- _Your assignment_
Look below for the line with "恒生指數(shù)開盤漲0."; begin the copy there and stop after the line with "شركة الوصال تعتبر", keeping the text exact and the pictures out.

- _Provided records_
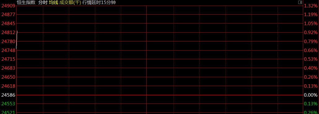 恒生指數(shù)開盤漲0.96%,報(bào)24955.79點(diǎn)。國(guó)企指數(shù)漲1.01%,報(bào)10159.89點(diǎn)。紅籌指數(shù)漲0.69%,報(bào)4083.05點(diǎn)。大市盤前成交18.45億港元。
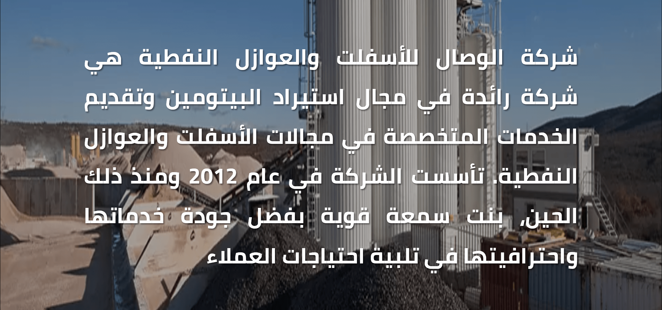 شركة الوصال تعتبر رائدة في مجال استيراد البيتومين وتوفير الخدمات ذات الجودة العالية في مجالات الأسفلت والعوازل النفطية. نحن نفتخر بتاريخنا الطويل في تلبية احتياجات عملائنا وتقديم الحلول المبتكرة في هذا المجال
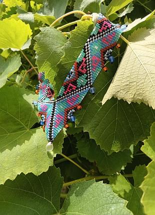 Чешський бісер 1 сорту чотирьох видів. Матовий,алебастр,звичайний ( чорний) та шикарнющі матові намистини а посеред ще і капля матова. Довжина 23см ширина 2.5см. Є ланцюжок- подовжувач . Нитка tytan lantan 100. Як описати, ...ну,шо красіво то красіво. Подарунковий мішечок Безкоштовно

==

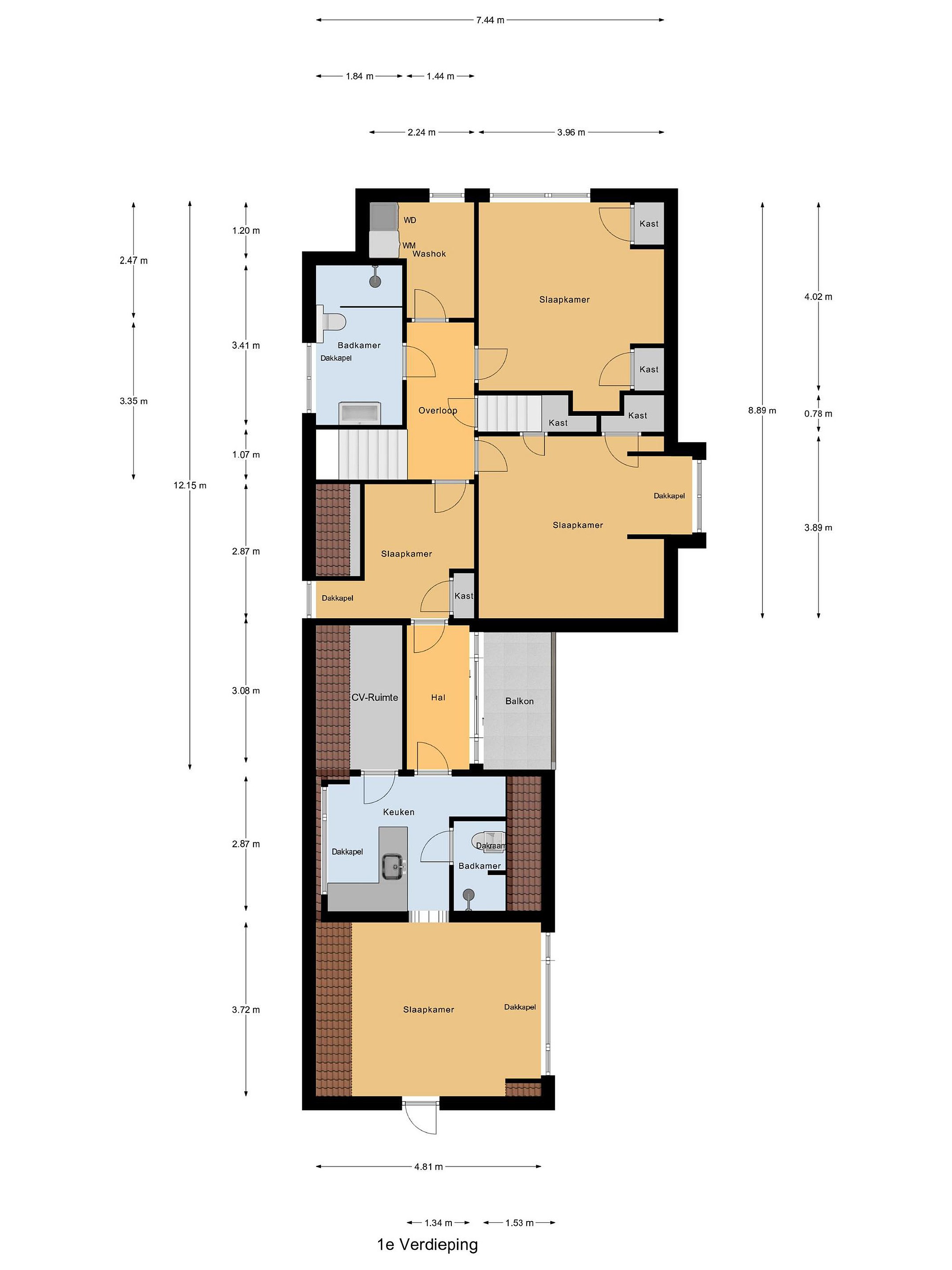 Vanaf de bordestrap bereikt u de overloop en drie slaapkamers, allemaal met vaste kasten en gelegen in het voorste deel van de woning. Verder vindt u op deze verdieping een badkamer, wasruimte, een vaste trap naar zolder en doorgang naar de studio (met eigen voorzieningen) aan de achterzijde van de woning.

==

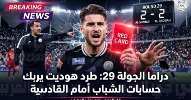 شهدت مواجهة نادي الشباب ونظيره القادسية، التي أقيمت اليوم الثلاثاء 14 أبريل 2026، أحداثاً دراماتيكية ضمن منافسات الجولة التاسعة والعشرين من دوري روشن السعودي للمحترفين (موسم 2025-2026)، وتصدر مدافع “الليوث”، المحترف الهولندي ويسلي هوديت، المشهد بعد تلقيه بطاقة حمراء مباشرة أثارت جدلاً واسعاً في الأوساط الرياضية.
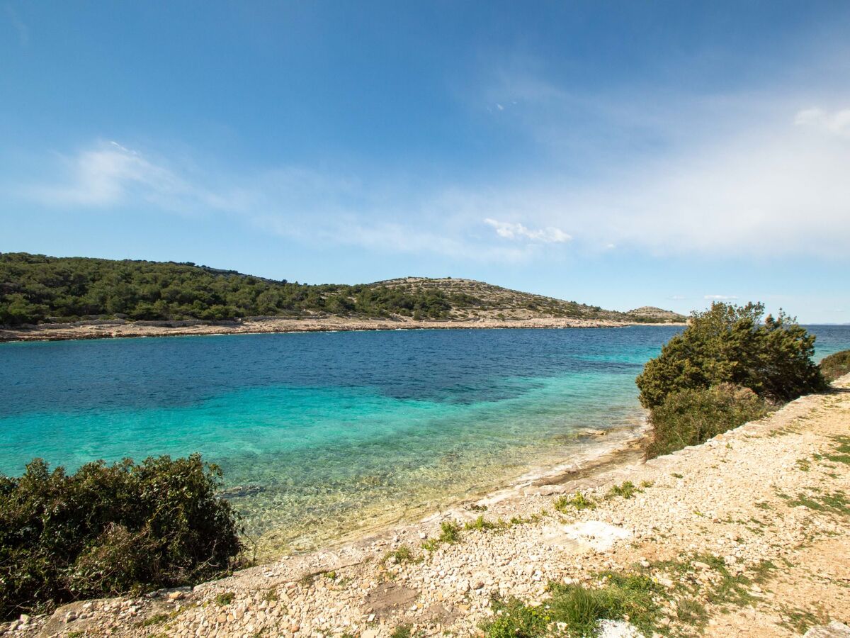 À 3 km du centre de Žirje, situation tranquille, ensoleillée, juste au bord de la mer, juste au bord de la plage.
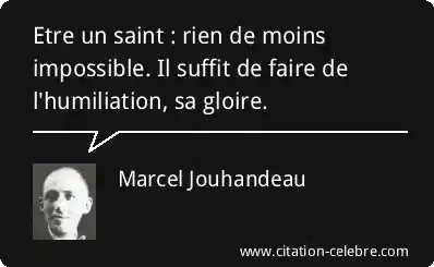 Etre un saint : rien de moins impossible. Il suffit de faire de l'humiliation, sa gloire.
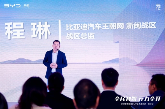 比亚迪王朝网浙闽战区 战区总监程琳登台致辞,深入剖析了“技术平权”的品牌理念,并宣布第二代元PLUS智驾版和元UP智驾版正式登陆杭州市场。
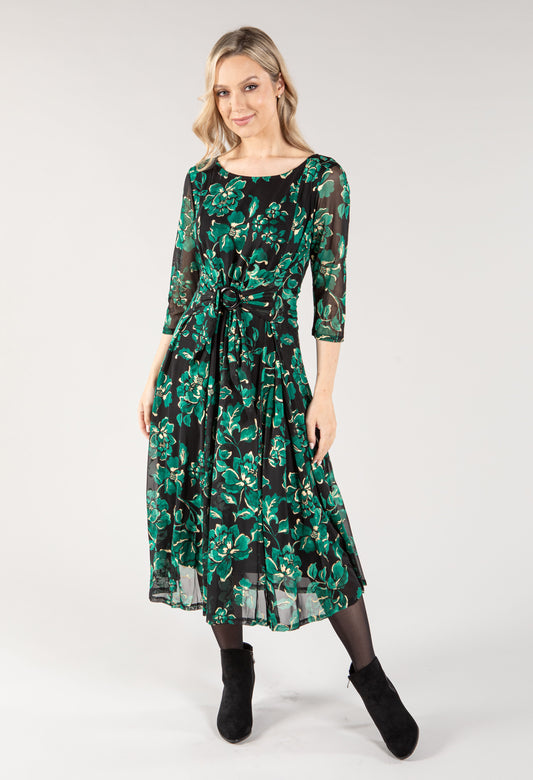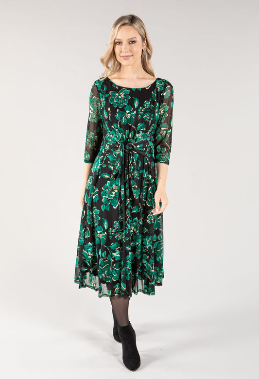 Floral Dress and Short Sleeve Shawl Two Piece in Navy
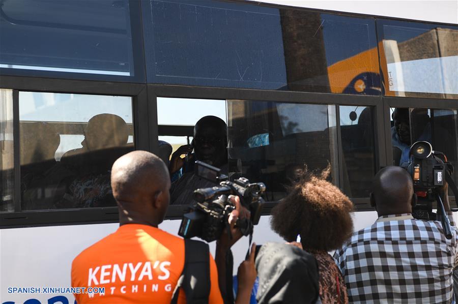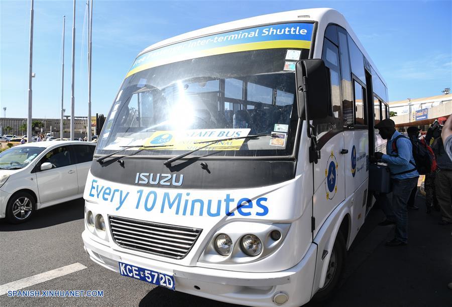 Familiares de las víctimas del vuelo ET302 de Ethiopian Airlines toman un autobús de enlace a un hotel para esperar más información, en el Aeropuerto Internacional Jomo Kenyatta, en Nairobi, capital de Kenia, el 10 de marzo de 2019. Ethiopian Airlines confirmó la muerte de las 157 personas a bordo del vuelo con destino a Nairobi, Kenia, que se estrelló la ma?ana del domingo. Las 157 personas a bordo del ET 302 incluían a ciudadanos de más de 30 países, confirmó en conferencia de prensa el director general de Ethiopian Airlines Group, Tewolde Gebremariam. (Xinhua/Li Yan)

- _Exercise output_
 恒生指數(shù)開盤漲0.96%,報(bào)24955.79點(diǎn)。國(guó)企指數(shù)漲1.01%,報(bào)10159.89點(diǎn)。紅籌指數(shù)漲0.69%,報(bào)4083.05點(diǎn)。大市盤前成交18.45億港元。
 شركة الوصال تعتبر رائدة في مجال استيراد البيتومين وتوفير الخدمات ذات الجودة العالية في مجالات الأسفلت والعوازل النفطية. نحن نفتخر بتاريخنا الطويل في تلبية احتياجات عملائنا وتقديم الحلول المبتكرة في هذا المجال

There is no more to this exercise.